On Thu, 2008-06-19 at 02:19 +0100, Andrew Price wrote:
> On 18/06/08 16:42, Johannes Berg wrote:
> > Hence, that commit is now reverted, see
> > http://git.kernel.org/?p=linux/kernel/git/davem/net-2.6.git;a=commit;h=3a5be7d4b079f3a9ce1e8ce4a93ba15ae6d00111
>
> I've updated my kernel to Linus' latest since he merged Dave's revert
> and I'm pleased to say the bug is now gone. Thanks for your help (and
> thanks to Dave too).

Well, thanks for spending the time to bisect, the bug had been reported
a number of times but we never knew what was up until that tipped off
Dave. :)

johannes


Attachments:
signature.asc (836.00 B)
This is a digitally signed message part

2008-06-18 15:51:40

by Johannes Berg

[permalink] [raw]
Subject: Re: BUG: mac80211: Some connections hanging in 2.6.26-rc6...

On Wed, 2008-06-18 at 17:42 +0200, Johannes Berg wrote:
> On Wed, 2008-06-18 at 15:55 +0100, Andrew Price wrote:
> > On 18/06/08 08:22, Johannes Berg wrote:
> > >> This also affects some http requests such as loading slashdot but not
> > >> others (perhaps small ones?) such as twitter API http requests.

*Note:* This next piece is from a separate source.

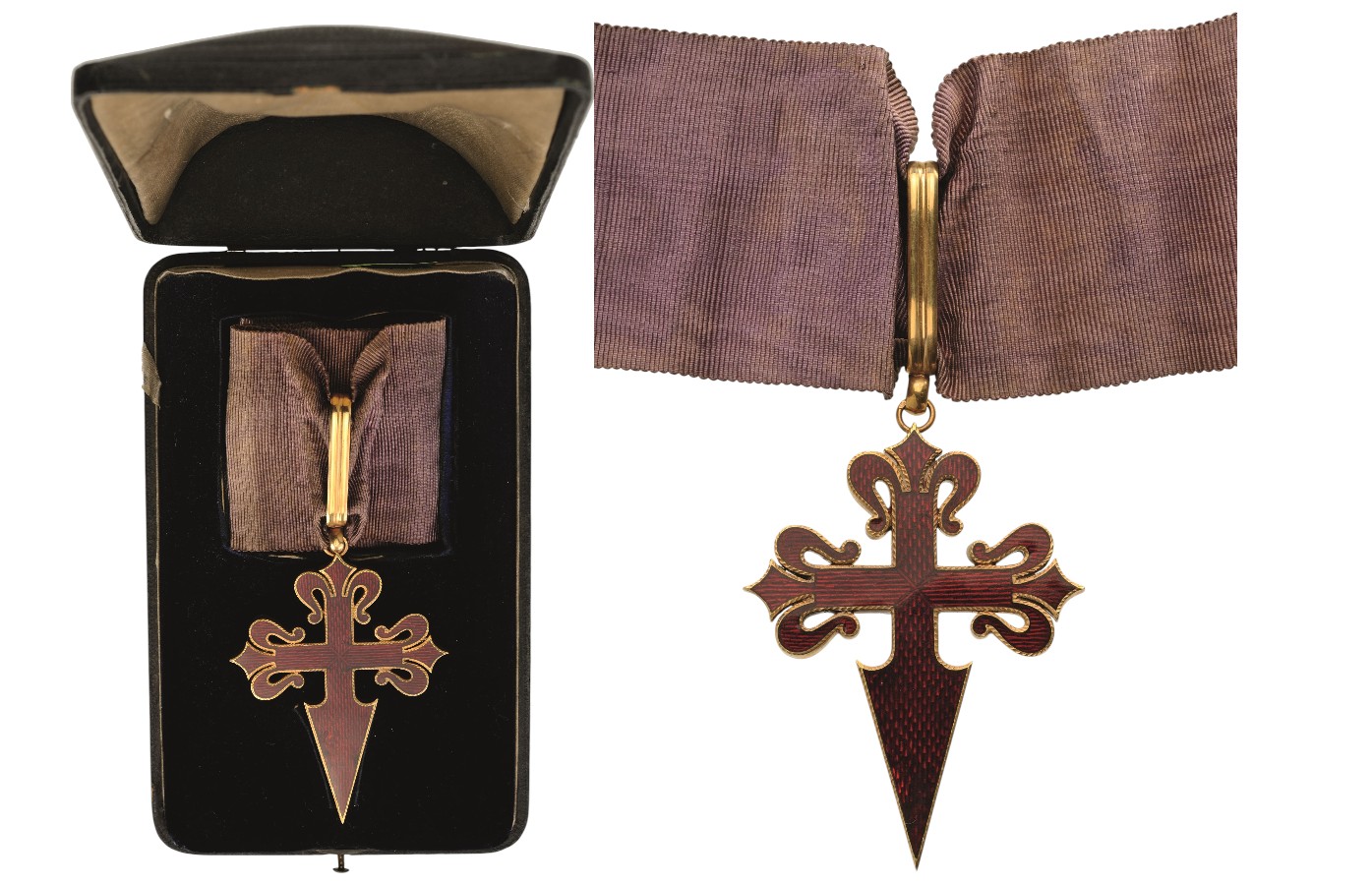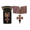 A Neck decoration of the Order: red enameled “sword” cross with excellent chisel-work under the translucent enamel on both sides; round suspension and grooved ribbon-ring; with original, purple neck ribbon with ties; in the original, black morocco fitted case of issue.

It does
> > >> not seem to affect connections to other machines on my LAN, only ones
> > >> over the internet.
> > >>
> > >> I've tried tcpdumping to get more info but when I run tcpdump the
> > >> connections work again (if a tiny bit slower).
> > >
> > > Can you try tcpdump with the -p flag? promisc mode might affect things.
> >
> > I tried using -p and it made the bug go away again. However, I have some
> > packet captures from running tcpdump on the router while the bug was
> > occuring and from loading them into wireshark it seems there are some
> > (suspected) retransmissions with bad checksums. I've posted my packet
> > captures here:
> >
> > http://sucs.org/~welshbyte/lw/tcpdump_bad0.pcap
> > http://sucs.org/~welshbyte/lw/tcpdump_bad1.pcap
> > http://sucs.org/~welshbyte/lw/tcpdump_good0.pcap
> >
> > The two 'bad' ones were captured on the router while the bug was
> > occuring. The 'good' one is for comparison and was captured on the
> > router like the others but while running tcpdump on my laptop made the
> > bug go away (I hope that makes sense).
> >
> > In all cases, the test was to ssh to a remote server. The two bad cases
> > were closed before the password prompt was reached and the good case was
> > ^C'd at the password prompt.
> >
> > I hope this helps,
>
> Thanks. Unfortunately, it's very hard to tell what is causing the bug,

No, that was worded wrong, I mean, we know what is causing the bug and
we know what the bug is, but due to encryption being used it's hard to
confirm from the tcpdump you posted.

johannes


Attachments:
signature.asc (836.00 B)
This is a digitally signed message part

2008-06-18 14:55:45

by Andrew Price

[permalink] [raw]
Subject: Re: BUG: mac80211: Some connections hanging in 2.6.26-rc6...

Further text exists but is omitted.